## Dataset excerpt
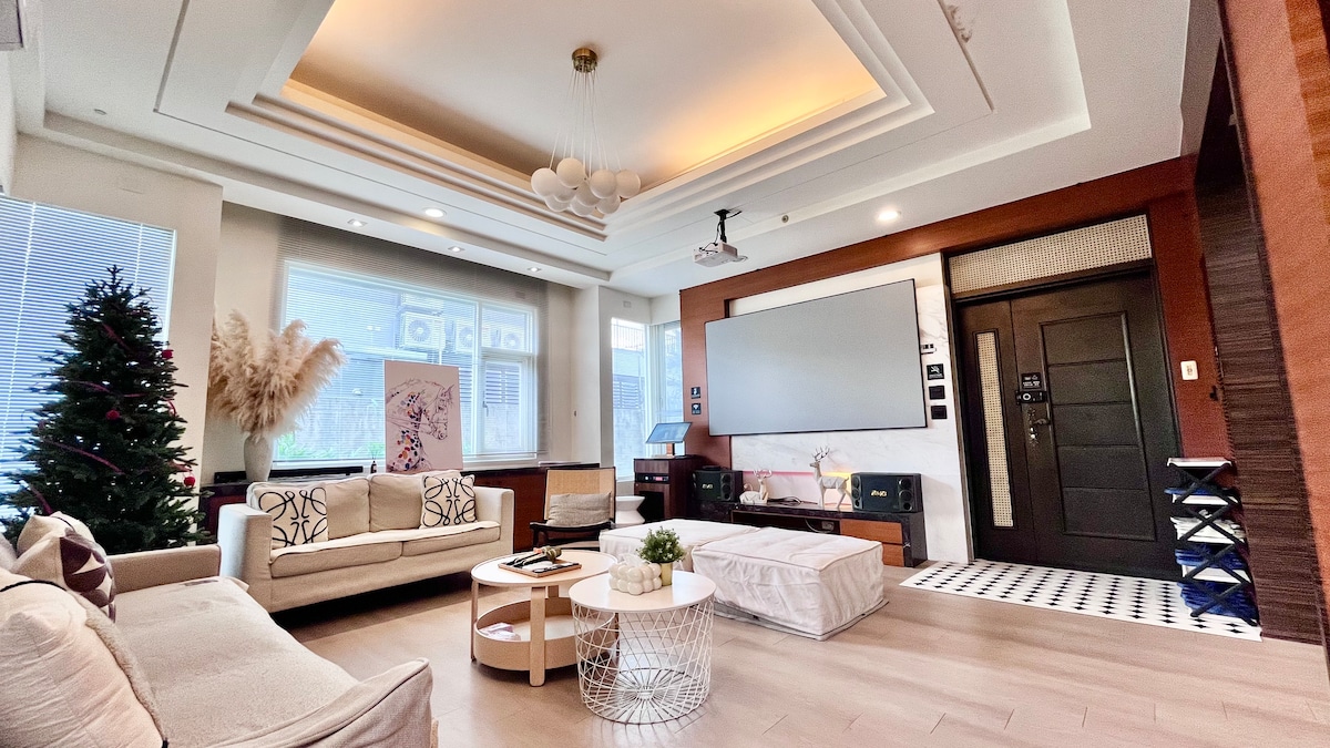 水景璞堤~獨棟4+1房20人/100寸唱歌/電麻桌/飛鏢機/Switch/桌遊/烤肉
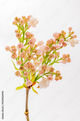 Soft pink flower buds and blooms appear on slender branches, embodying spring's arrival and beauty
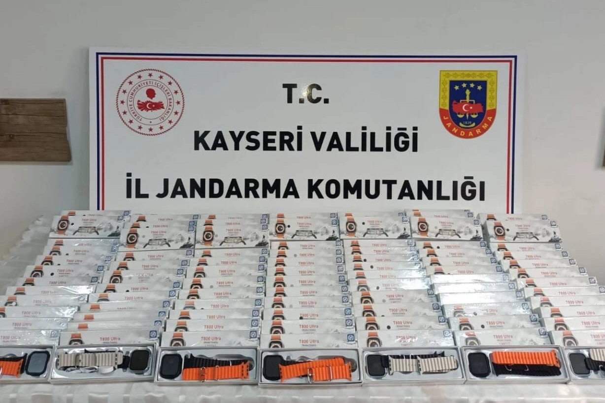 Kayseri İl Jandarma Komutanlığı ekiplerince yapılan çalışmalarda; piyasa değeri 100 bin TL olan 121 adet kaçak akıllı saat yakalandı.

## Work instructions
All of the data above must be printed exactly, minus its pictures.

## Answer section
 水景璞堤~獨棟4+1房20人/100寸唱歌/電麻桌/飛鏢機/Switch/桌遊/烤肉
 Soft pink flower buds and blooms appear on slender branches, embodying spring's arrival and beauty
 Kayseri İl Jandarma Komutanlığı ekiplerince yapılan çalışmalarda; piyasa değeri 100 bin TL olan 121 adet kaçak akıllı saat yakalandı.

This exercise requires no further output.